─── Data for review ───

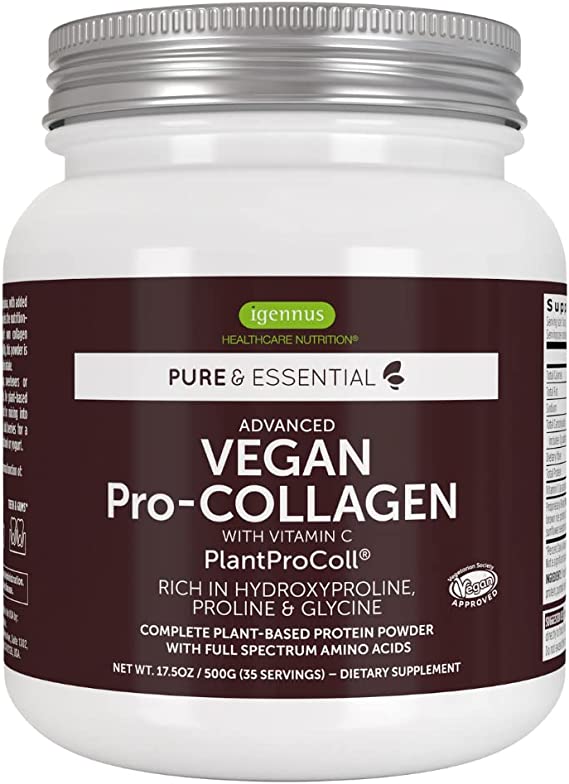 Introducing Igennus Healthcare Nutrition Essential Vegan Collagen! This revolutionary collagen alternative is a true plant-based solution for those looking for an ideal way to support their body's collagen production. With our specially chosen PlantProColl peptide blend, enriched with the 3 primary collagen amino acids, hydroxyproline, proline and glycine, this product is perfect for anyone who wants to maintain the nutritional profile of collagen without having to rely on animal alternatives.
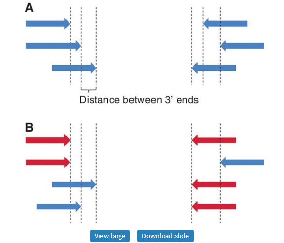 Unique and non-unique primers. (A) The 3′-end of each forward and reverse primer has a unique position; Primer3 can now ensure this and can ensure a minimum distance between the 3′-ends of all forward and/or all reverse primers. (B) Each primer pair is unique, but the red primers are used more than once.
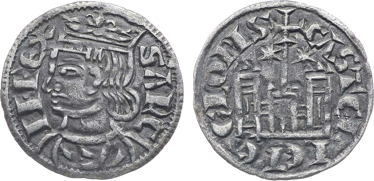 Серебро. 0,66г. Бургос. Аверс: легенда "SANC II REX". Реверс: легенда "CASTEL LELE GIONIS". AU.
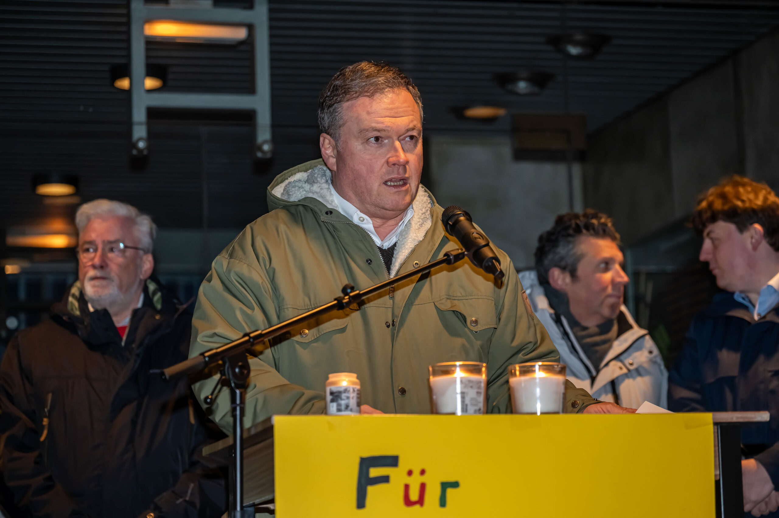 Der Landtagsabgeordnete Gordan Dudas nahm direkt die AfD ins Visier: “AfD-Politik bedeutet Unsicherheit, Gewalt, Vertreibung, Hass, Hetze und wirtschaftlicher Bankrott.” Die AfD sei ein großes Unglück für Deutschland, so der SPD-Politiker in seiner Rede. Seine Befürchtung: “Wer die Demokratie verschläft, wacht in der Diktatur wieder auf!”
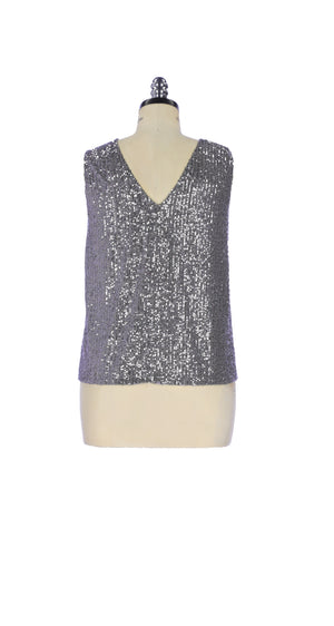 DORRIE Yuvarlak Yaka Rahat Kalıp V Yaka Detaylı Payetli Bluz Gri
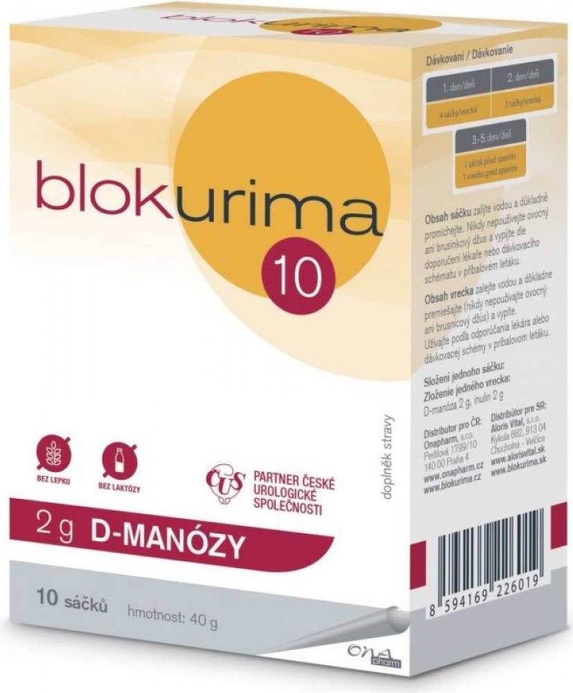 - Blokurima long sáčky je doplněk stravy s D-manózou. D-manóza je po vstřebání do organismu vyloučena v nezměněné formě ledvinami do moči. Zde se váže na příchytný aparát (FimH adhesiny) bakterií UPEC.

───

For this task, give the full listing again verbatim and keep out every picture.

Result ▸
 Introducing Igennus Healthcare Nutrition Essential Vegan Collagen! This revolutionary collagen alternative is a true plant-based solution for those looking for an ideal way to support their body's collagen production. With our specially chosen PlantProColl peptide blend, enriched with the 3 primary collagen amino acids, hydroxyproline, proline and glycine, this product is perfect for anyone who wants to maintain the nutritional profile of collagen without having to rely on animal alternatives.
 Unique and non-unique primers. (A) The 3′-end of each forward and reverse primer has a unique position; Primer3 can now ensure this and can ensure a minimum distance between the 3′-ends of all forward and/or all reverse primers. (B) Each primer pair is unique, but the red primers are used more than once.
 Серебро. 0,66г. Бургос. Аверс: легенда "SANC II REX". Реверс: легенда "CASTEL LELE GIONIS". AU.
 Der Landtagsabgeordnete Gordan Dudas nahm direkt die AfD ins Visier: “AfD-Politik bedeutet Unsicherheit, Gewalt, Vertreibung, Hass, Hetze und wirtschaftlicher Bankrott.” Die AfD sei ein großes Unglück für Deutschland, so der SPD-Politiker in seiner Rede. Seine Befürchtung: “Wer die Demokratie verschläft, wacht in der Diktatur wieder auf!”
 DORRIE Yuvarlak Yaka Rahat Kalıp V Yaka Detaylı Payetli Bluz Gri
 - Blokurima long sáčky je doplněk stravy s D-manózou. D-manóza je po vstřebání do organismu vyloučena v nezměněné formě ledvinami do moči. Zde se váže na příchytný aparát (FimH adhesiny) bakterií UPEC.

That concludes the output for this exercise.